§ EXERCISE GOAL
For the entries that follow, retype exactly the lines from the one containing "8. Курсакова Е." to the one containing "A modern crochet", inclusive, and only those. Images stay out of the copy.

§ MATERIAL FOR THE TASK
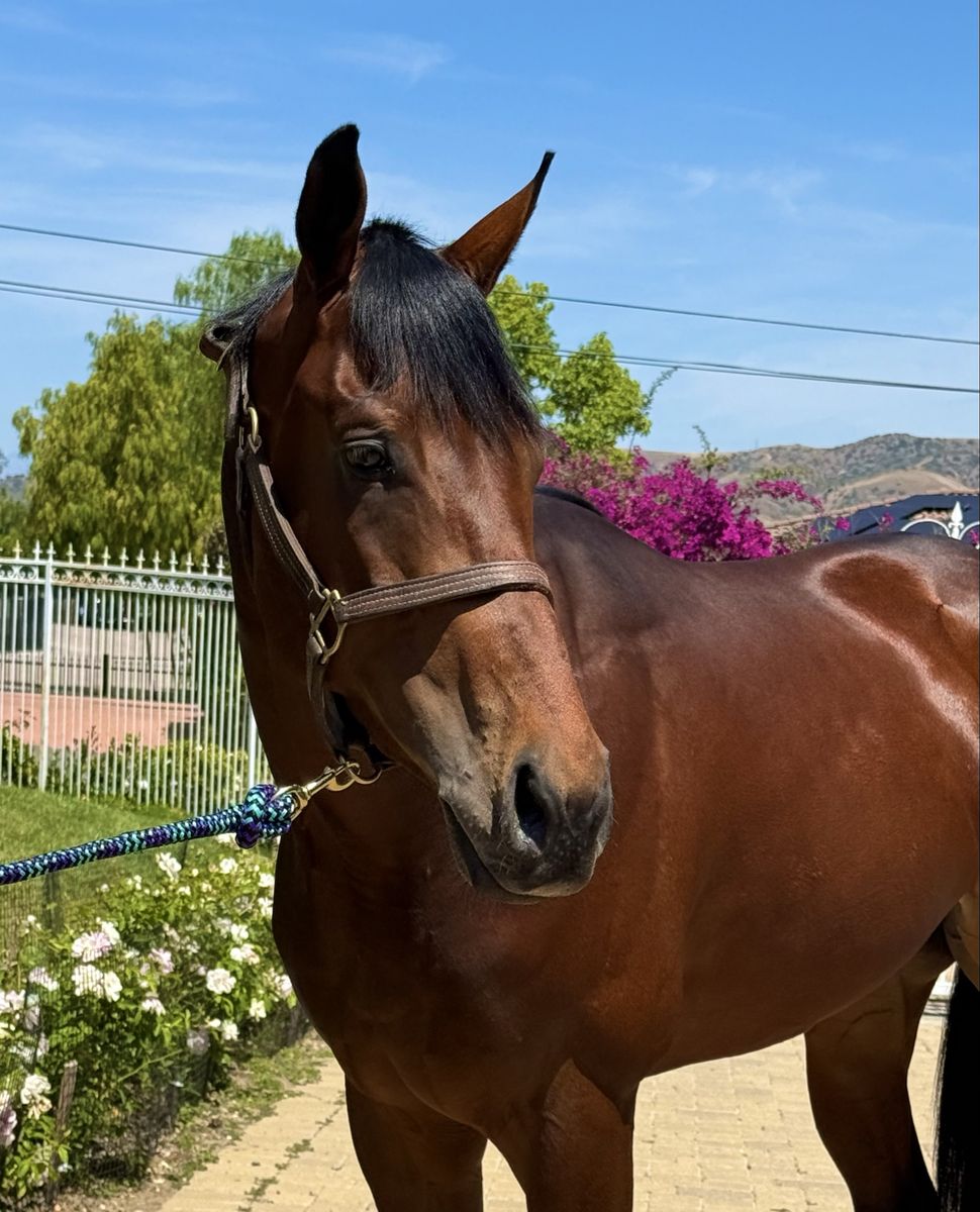 Meet “Chili”- the absolute coolest of cool kids! He’s a 3 yro colt that sticks 15.3, is unraced and sound- just had no desire to be a racehorse(the best kind). Fantastic brain. The asst trainer at the track LOVED this colt. Would make an awesome ranch riding or polo prospect.
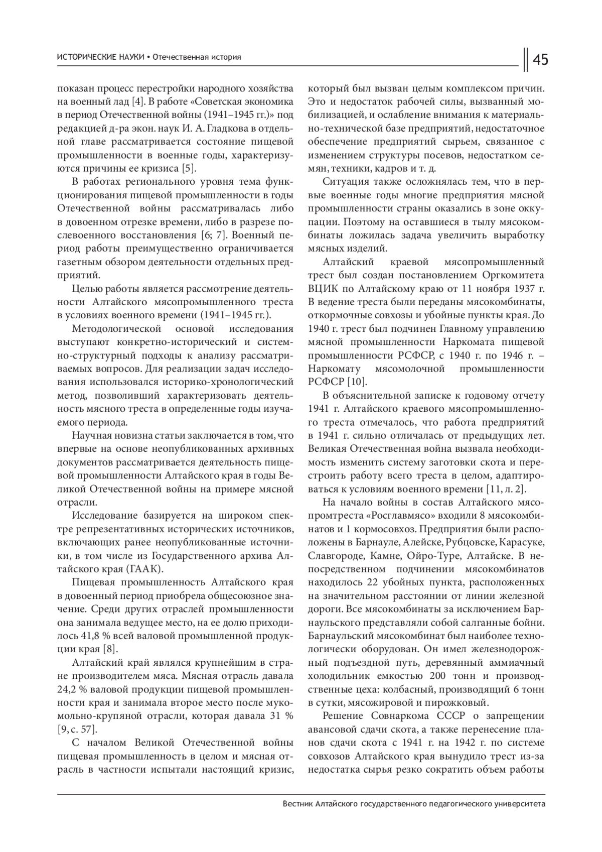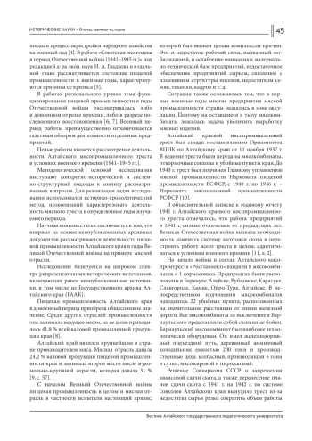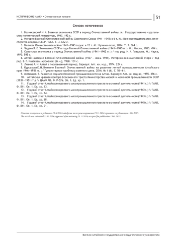 8. Курсакова Е. Н. Влияние Великой Отечественной войны на развитие легкой промышленности Алтайского края 1946-1956 гг. // Гуманитарные проблемы военного дела. 2016. № 1 (6). С. 56-61. EDN: WCBQRB
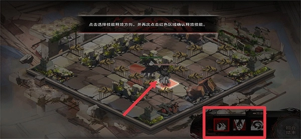 3、然后点击右下角的技能并点击选择技能释放的方向,接着再次点击红色区域释放技能
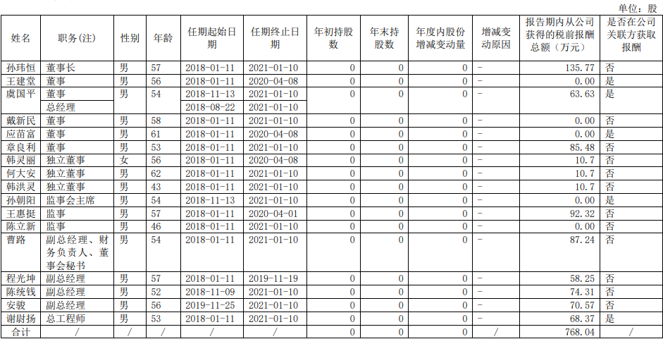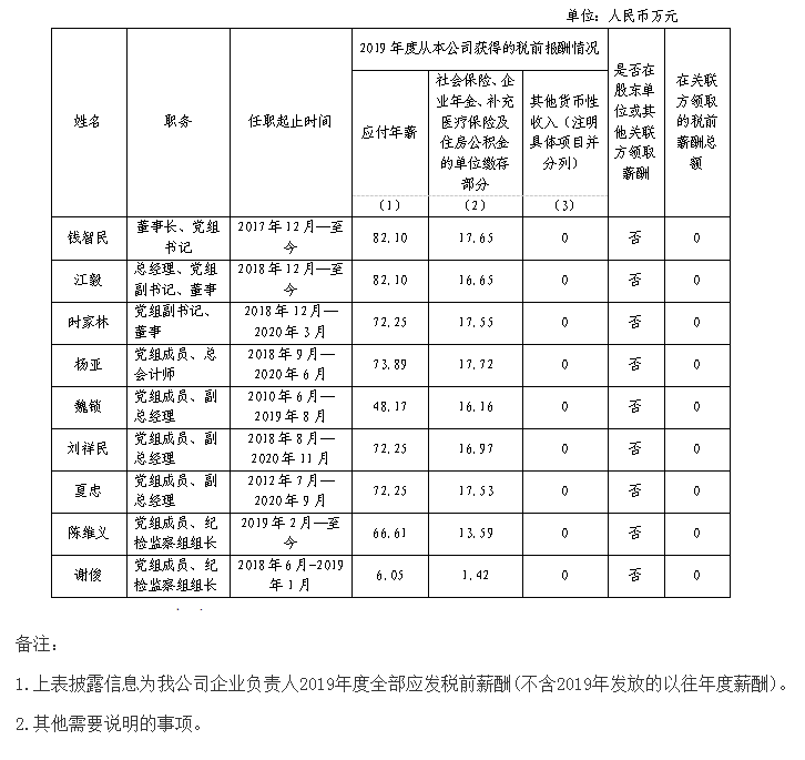 浙江浙能電力股份有限公司企業(yè)負(fù)責(zé)人2019年度薪酬情況
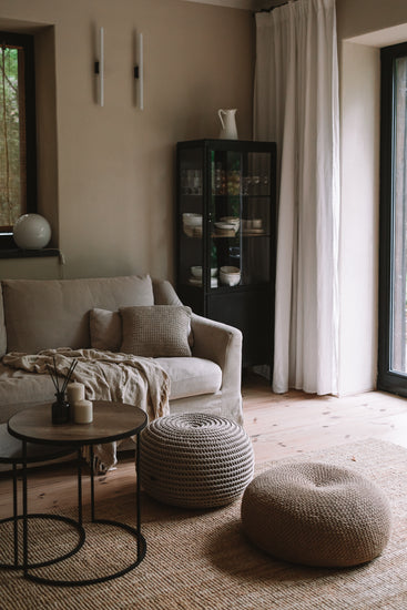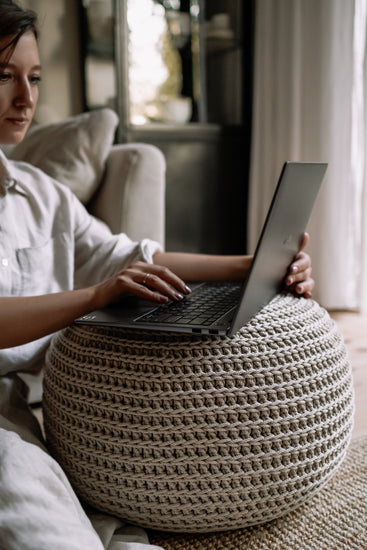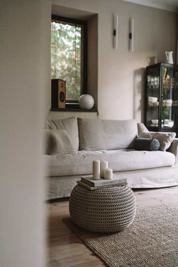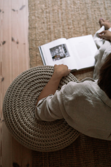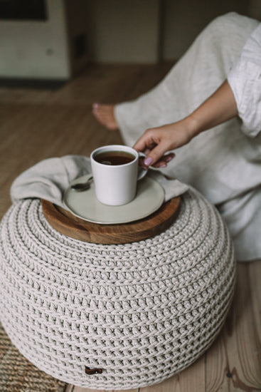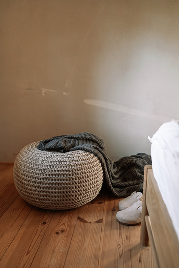 A modern crochet pouf with clean lines and rich texture, designed to bring warmth and style into any interior. Its minimalist shape makes it a versatile accent — use it as a footrest, extra seating, or a cozy detail in your living room or reading nook.
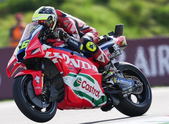 ผลการซ้อมปรากฏว่า “โจอัน เมียร์” หมายเลข36 อดีตแชมป์โลก โมโตจีพี 2020 จาก ฮอนด้า เอชอาร์ซี กลับมาอยู่ในฟอร์มที่ดีอีกครั้ง จบวันแรกด้วยการรั้งอันดับ 9 ตามหลังผู้นำเพียง 0.394 วินาที สามารถผ่านเข้าสู่การควอลิฟายรอบ Q2 ได้แบบอัตโนมัติ ส่วน “ลูก้า มารินี” ทีมเมทชาวอิตาเลียนหมายเลข 10 รั้งอันดับ 16 ตามหลัง 0.656 วินาที
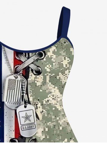 American Flag Dresses > Plus Size American Flag Camouflage 3D Lace Up Print Backless A Line Tank Dress
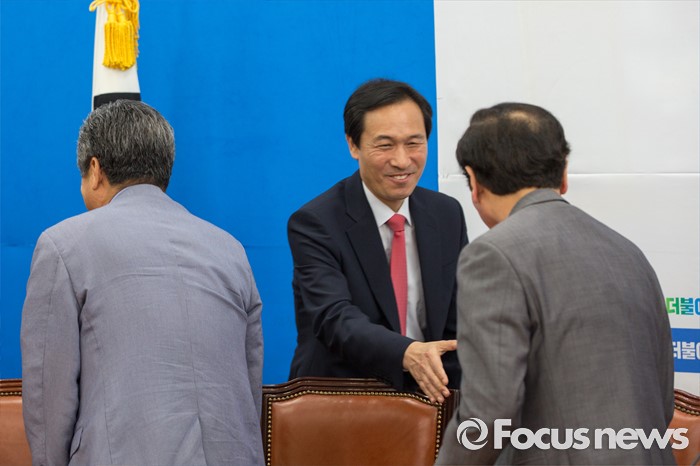 (서울=포커스뉴스) 우상호 더불어민주당 원내대표가 14일 오전 서울 여의도 국회에서 열린 '개성공단기업협회 면담'에 앞서 모두발언 하고 있다.
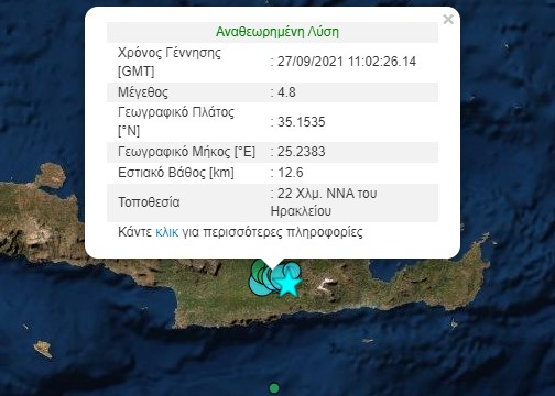 Νωρίς το μεσημέρι της Δευτέρας σημειώθηκε ακόμη ένας ισχυρός μετασεισμός μεγέθους 4,8 Ρίχτερ. Σύμφωνα με τα πρώτα στοιχεία η σεισμική δόνηση είχε επίκεντρο 22 χιλιόμετρα Νότια – Νοτιοανατολικά του Ηρακλείου και εστιακό βάθος 12,6 χιλιομέτρων.
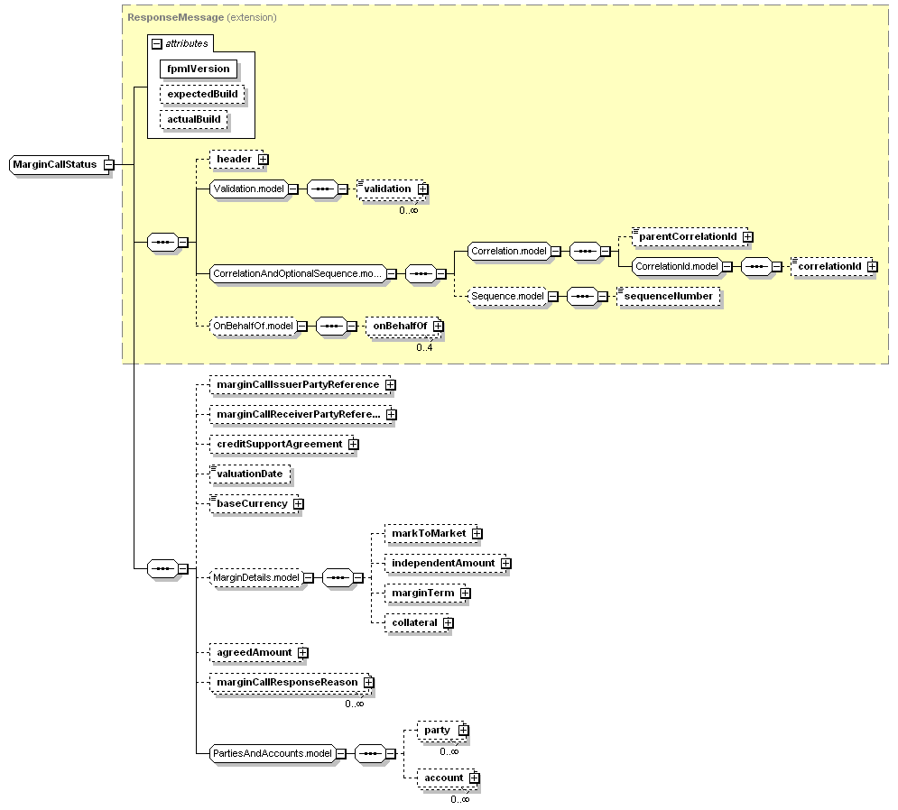 <xsd:complexType name="MarginCallStatus"> <xsd:complexContent> <xsd:sequence> <xsd:element maxOccurs="unbounded" minOccurs="0" name="marginCallResponseReason" type="MarginCallResponseReason"/> </xsd:sequence> </xsd:extension> </xsd:complexContent> </xsd:complexType> |

§ SOLUTION FOR THIS TASK
 8. Курсакова Е. Н. Влияние Великой Отечественной войны на развитие легкой промышленности Алтайского края 1946-1956 гг. // Гуманитарные проблемы военного дела. 2016. № 1 (6). С. 56-61. EDN: WCBQRB
 3、然后点击右下角的技能并点击选择技能释放的方向,接着再次点击红色区域释放技能
 浙江浙能電力股份有限公司企業(yè)負(fù)責(zé)人2019年度薪酬情況
 A modern crochet pouf with clean lines and rich texture, designed to bring warmth and style into any interior. Its minimalist shape makes it a versatile accent — use it as a footrest, extra seating, or a cozy detail in your living room or reading nook.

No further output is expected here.